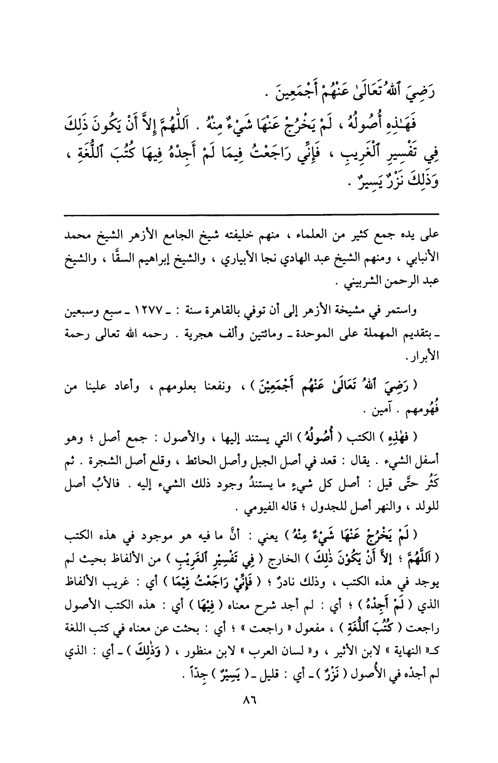 (لم يخرج عنها شيء منه) يعني: أنّ ما فيه هو موجود في هذه الكتب (اللهمّ؛ إلّا أن يكون ذلك) الخارج (في تفسير الغريب) من الألفاظ بحيث لم يوجد في هذه الكتب، وذلك نادر؛ (فإنّي راجعت فيما) أي: غريب الألفاظ الذي (لم أجده) ؛ أي: لم أجد شرح معناه (فيها) أي: هذه الكتب الأصول راجعت (كتب اللّغة) ، مفعول «راجعت» ؛ أي: بحثت عن معناه في كتب اللغة ك «النهاية» لابن الأثير، و «لسان العرب» لابن منظور، (وذلك) - أي: الذي لم أجده في الأصول (نزر) - أي: قليل- (يسير) جدّا.
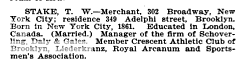 Definitely something needs to be penned on SD&G but there are still some holes in the chronology. For those following along, a March 19th notice gives that in April 1898 SD&D temporarily moved from 302 Broadway to 325 Broadway for the construction of a new facility at 302 Broadway. Then next year Charles Daly expires and the heirs and assigns regroup by incorporating and there was some controversy surrounding that.  Then bio info appears on T.W. Stake and his involvement.  T.W. Stake listing with 1900 bio info. Kind Regards, Raimey rse
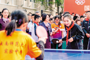 刘诗雯与云南师范大学实验中学学生进行乒乓球友谊赛。
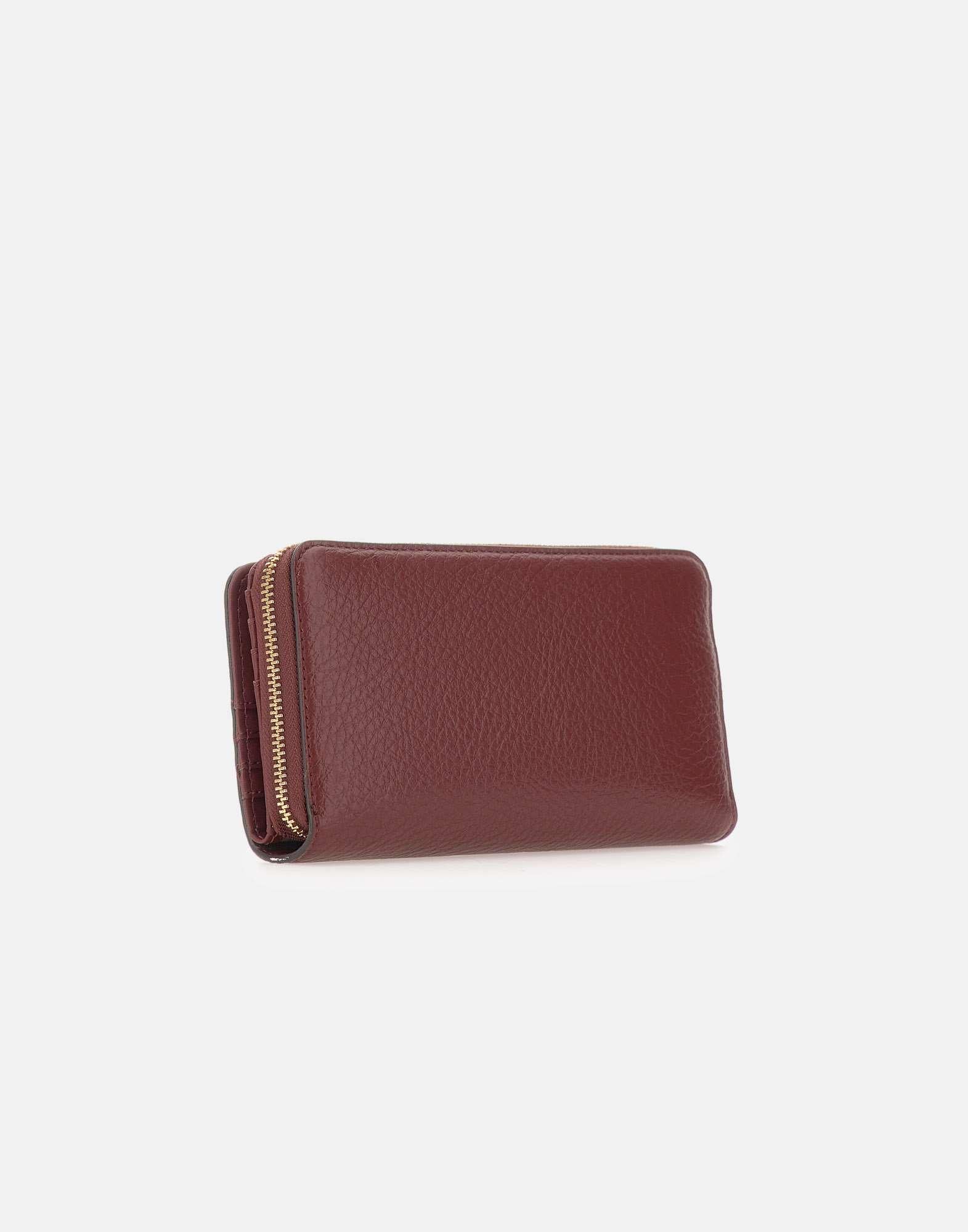 Portafoglio Liu-Jo "Caliwen" in ecopelle borgogna con stampa effetto bottalato, elegante e funzionale. Presenta logo in metallo sul davanti, scomparto interno per carte e tessere chiuso da bottone, scomparto chiuso da zip con altri scomparti per carte e tasca portamonete. Appartenente alla linea "Liu Jo Better", è realizzato con materiali e processi sostenibili. Dimensioni: 19 x 2 x 10 cm.
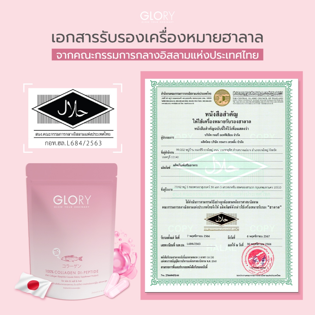 กลอรี่ คอลลาเจน (COLLAGEN DI-PEPTIDE) 60 แคปซูลเลข อย. จดแจ้ง 10-1-20960-5-0093
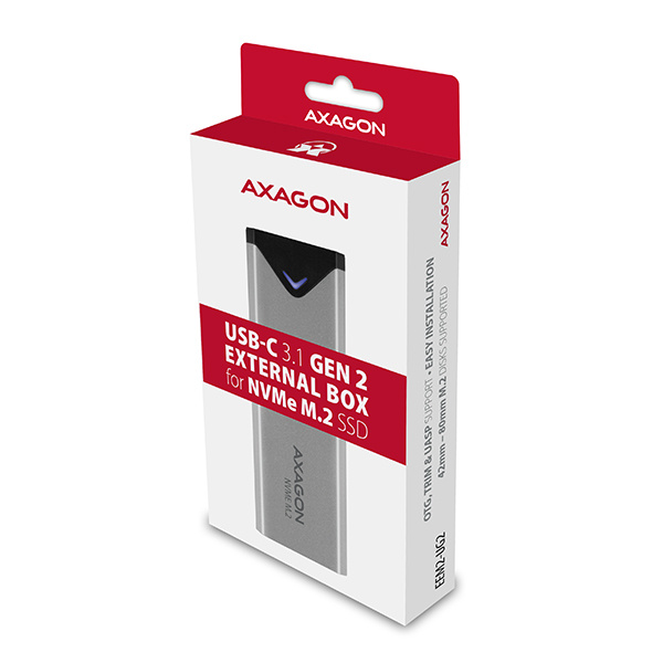 Super rýchly externý box AXAGON EEM2-UG2 s USB 3.2 Gen 2 rozhraním je určený pre NVMe (PCI-Express) M.2 SSD disky.
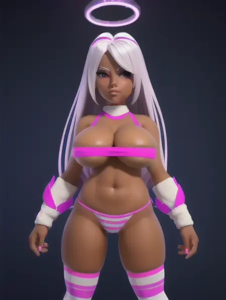 1girl, solo, long hair,thighhighs, navel, underwear, purple eyes, panties, white hair, striped,nail polish, dark-skinned female, halo, solo
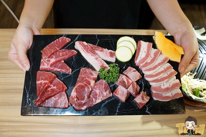 這次有吃到肉品是牛五花、雪花牛、骰子牛、板腱牛、翼板肉及肩胛肉,這個一人份吃應該嘟嘟好,兩人吃可以點兩個套餐或是一個套餐再加一些單點,應該1000元兩人可以吃蠻飽了
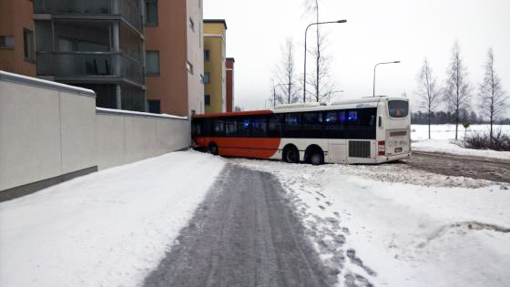 We are having the worst weather in Finland currently. Iced roads due to rain upon melted snow and rapid temperature rises from minus 28 degrees to + 2 degrees Celsius. This is causing what we Finns refer to as “skull weather” or in Finnish: “Pääkallokeli”. Yes, I know what you think; they have cold and snow there all year around. One could imagine they had gotten used to it and perfected the vehicles to run according. Alas no: Each year the snow “surprises” the drivers, train gears are frozen and heavy transports such as trucks and buses run amok on the roads.
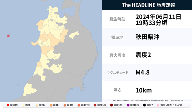 6月11日19時33分頃、秋田県沖を震源とするマグニチュード4.8の地震が観測された。最大震度2を観測したのは、青森県・秋田県。
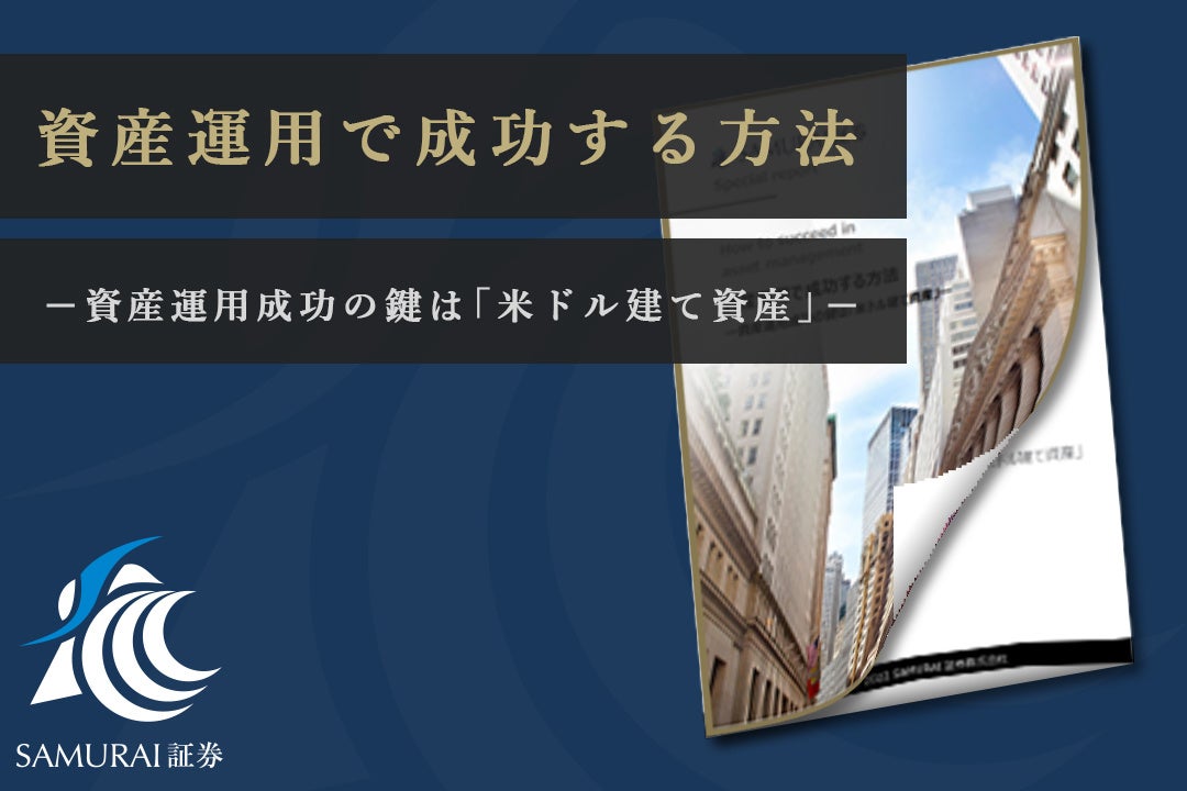 個人投資家の皆様にさまざまな投資機会を提供する資産運用プラットフォーム「SAMURAI FUND」を運営するSAMURAI 証券株式会社(本社:東京都港区、代表取締役社長:山口 慶一)より、特別レポート「資産運用で成功する方法―資産運用成功の鍵は米ドル建て資産」を公開いたしました。(詳細:https://www.samurai-fund.jp/material/focus/focus06.pdf)

Instructions for the task> Copy verbatim the span that opens at the line with "Super rýchly externý" and closes at the final line of the listing. Do not carry over any pictures.

Solution for this problem>
 Super rýchly externý box AXAGON EEM2-UG2 s USB 3.2 Gen 2 rozhraním je určený pre NVMe (PCI-Express) M.2 SSD disky.
 1girl, solo, long hair,thighhighs, navel, underwear, purple eyes, panties, white hair, striped,nail polish, dark-skinned female, halo, solo
 這次有吃到肉品是牛五花、雪花牛、骰子牛、板腱牛、翼板肉及肩胛肉,這個一人份吃應該嘟嘟好,兩人吃可以點兩個套餐或是一個套餐再加一些單點,應該1000元兩人可以吃蠻飽了
 We are having the worst weather in Finland currently. Iced roads due to rain upon melted snow and rapid temperature rises from minus 28 degrees to + 2 degrees Celsius. This is causing what we Finns refer to as “skull weather” or in Finnish: “Pääkallokeli”. Yes, I know what you think; they have cold and snow there all year around. One could imagine they had gotten used to it and perfected the vehicles to run according. Alas no: Each year the snow “surprises” the drivers, train gears are frozen and heavy transports such as trucks and buses run amok on the roads.
 6月11日19時33分頃、秋田県沖を震源とするマグニチュード4.8の地震が観測された。最大震度2を観測したのは、青森県・秋田県。
 個人投資家の皆様にさまざまな投資機会を提供する資産運用プラットフォーム「SAMURAI FUND」を運営するSAMURAI 証券株式会社(本社:東京都港区、代表取締役社長:山口 慶一)より、特別レポート「資産運用で成功する方法―資産運用成功の鍵は米ドル建て資産」を公開いたしました。(詳細:https://www.samurai-fund.jp/material/focus/focus06.pdf)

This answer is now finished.